Kripke’s Wittgenstein and Semantic Factualism


Volume 9.3 of The Journal for the History of Analytical Philosophy (JHAP) has now been published online, with full open-access:

https://jhaponline.org/jhap/issue/view/427

It features an article by Miloš Šumonja, called “Kripke’s Wittgenstein and Semantic Factualism.” Here is the abstract:

Recently, two new portrayals of Kripke’s Wittgenstein (KW) have emerged. Both understand KW as targeting the Tractarian picture of semantic fact as a speaker’s mental representation of the truth-conditions of the sentences he uses. According to the factualist interpretation, KW holds that meaning ascriptions are legitimate descriptions because semantic facts are not entities that explain people’s linguistic behavior. The second, Alex Miller’s non-standard non-factualist interpretation, sees KW as claiming that because no fact can explain our linguistic behavior, meaning ascriptions express a speaker’s attitudes towards his interlocutors rather than stating what they mean. This paper advances the minimal factualist interpretation by elaborating two points: that Miller’s reading of the skeptical argument contradicts semantic non-factualism; and that KW’s view of meaning is based on a primitivist rendition of the skeptic’s insight that nothing justifies our use of language, which allows him to assert that semantic facts exist simply because we ordinarily say so.

JHAP is a free, open-access, peer-reviewed journal. It is available at https://jhaponline.org/. Submissions welcome!

Transfinite Number in Wittgenstein’s Tractatus / Review of work on Ramsey

Volume 9.2 of The Journal for the History of Analytical Philosophy (JHAP) has now been published online, with full open-access.

It features an article by James Connelly entitled, “Transfinite Number in Wittgenstein’s Tractatus”. Here is the abstract:

In his highly perceptive, if underappreciated introduction to Wittgenstein’s Tractatus, Russell identifies a “lacuna” within Wittgenstein’s theory of number, relating specifically to the topic of transfinite number. The goal of this paper is two-fold. The first is to show that Russell’s concerns cannot be dismissed on the grounds that they are external to the Tractarian project, deriving, perhaps, from logicist ambitions harbored by Russell but not shared by Wittgenstein. The extensibility of Wittgenstein’s theory of number to the case of transfinite cardinalities is, I shall argue, a desideratum generated by concerns intrinsic, and internal to Wittgenstein’s logical and semantic framework. Second, I aim to show that Wittgenstein’s theory of number as espoused in the Tractatus is consistent with Russell’s assessment, in that Wittgenstein meant to leave open the possibility that transfinite numbers could be generated within his system, but did not show explicitly how to construct them.

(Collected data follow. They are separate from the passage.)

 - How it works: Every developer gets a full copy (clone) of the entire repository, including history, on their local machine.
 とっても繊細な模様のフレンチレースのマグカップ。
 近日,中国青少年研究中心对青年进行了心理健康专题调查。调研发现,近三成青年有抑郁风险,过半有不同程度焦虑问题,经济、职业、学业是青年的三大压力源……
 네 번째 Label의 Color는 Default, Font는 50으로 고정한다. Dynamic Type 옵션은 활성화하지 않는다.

To that end, I show how one could construct a transfinite number line using ingredients inherent in Wittgenstein’s system, and in accordance with his more general theories of number and of operations.

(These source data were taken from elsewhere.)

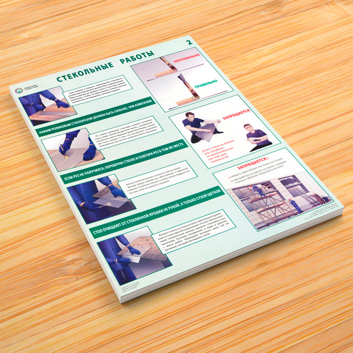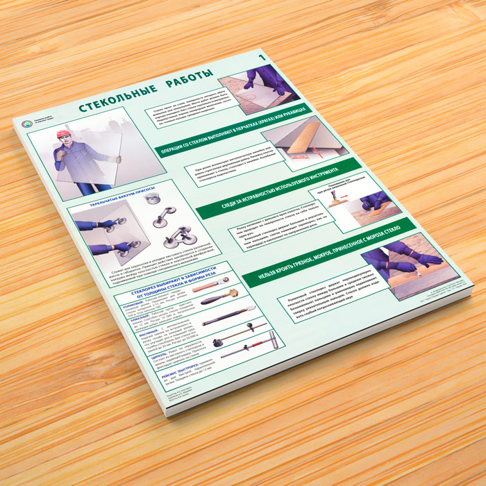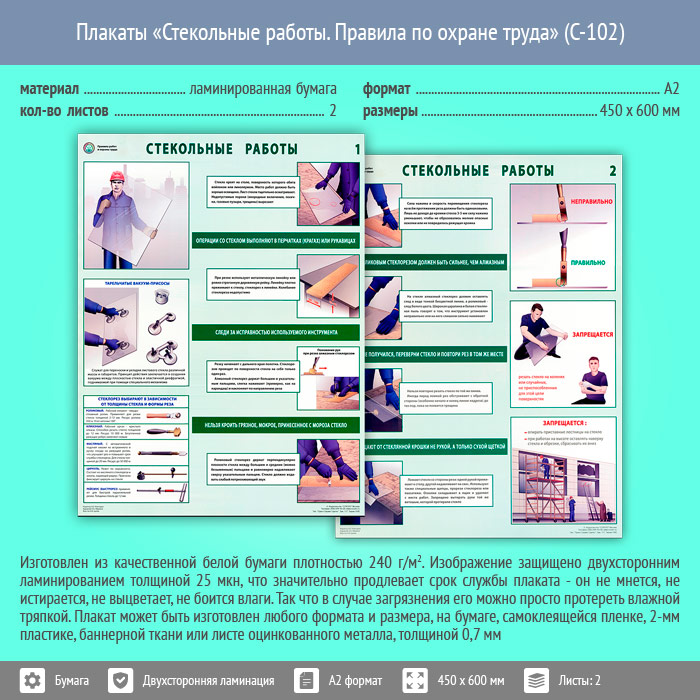 Плакаты «Стекольные работы. Правила по охране труда» (С-102, ламинированная бумага, А2, 2 листа) в Видном купить
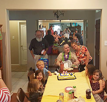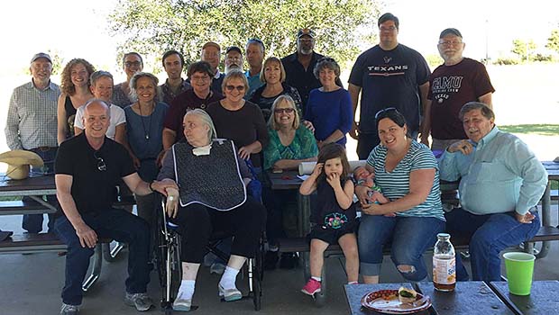 Next, off to Missouri City, about an hour away, for Margaret's party. Most of the Texas Lynches were there, hosted by Larry and Joan and featuring some fine barbeque. Larry took the picture below, showing Margaret, Roger and Joan; the kids; and all the onlookers in the mirror behind Margaret.
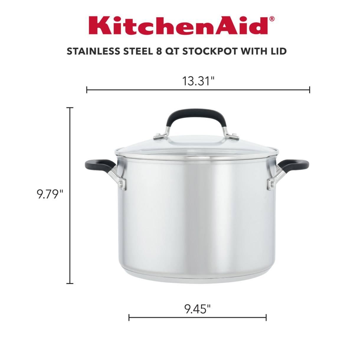 Ignite kitchen creativity and experience rich flavor with the KitchenAid® stainless steel stockpot with lid. Crafted from durable stainless steel with a layer of heat-conductive aluminum in the base, this versatile pot is designed to heat quickly and evenly to slow cook and brew flavorful broths with ease. Featuring etched measuring marks to add measured ingredients and comes with a tempered glass lid to easily lock in heat, drawing out rich flavors when cooking chicken soup, clam chowder, chili, and other stockpot favorites. The steel handles have been finished with silicone grips for a cooler handle while cooking. Oven safe to 400°F (350°F with lids) for making a wide range of delicious recipes.
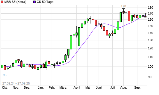 Mit dem Rücksetzer auf 164,60 EUR hat die MBB-Aktie am 26.09.2025 die 50-Tage-Linie nach unten gekreuzt.Die MBB-Aktie befindet sich seit dem 25.02.2025 im langfristigen Aufwärtstrend und ...weiterlesen
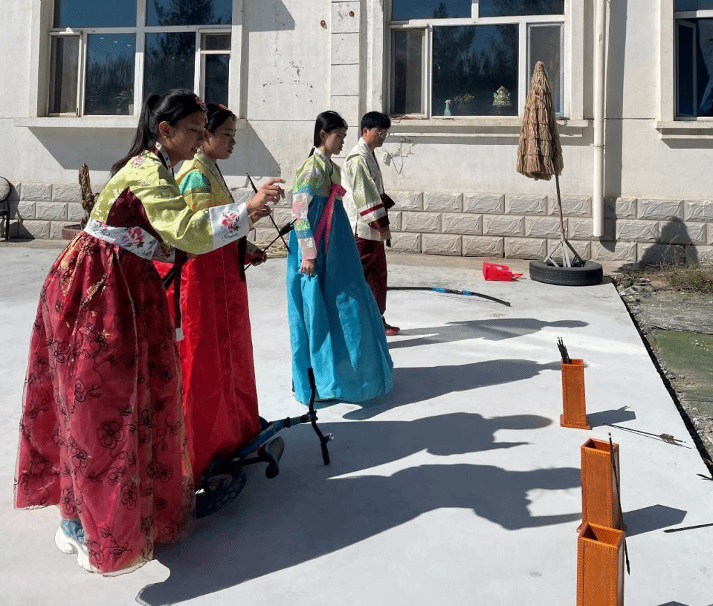活动一开始,学生们便换上了华丽精致的韩服,仿佛穿越时空,沉浸在了韩国传统文化的浓厚氛围中。紧接着,活动进入了游戏环节,学生们兴致勃勃地参与了韩国传统的投壶游戏和尤茨游戏。这两项游戏不仅考验了他们的技巧与智慧,更让他们在游戏中充分运用了韩语词汇和表达方式。

The volume also contains a review of Cheryl Misak, Frank Ramsey: A Sheer Excess of Powers (Oxford University Press, 2020), written by Matthew Simpson.

JHAP is a free, open-access, peer-reviewed journal. It is available at https://jhaponline.org/. Submissions welcome!

Coming to America: Carnap, Reichenbach and the Great Intellectual Migration

Volume 8.11 of The Journal for the History of Analytical Philosophy (JHAP) has now been published online, with full open-access.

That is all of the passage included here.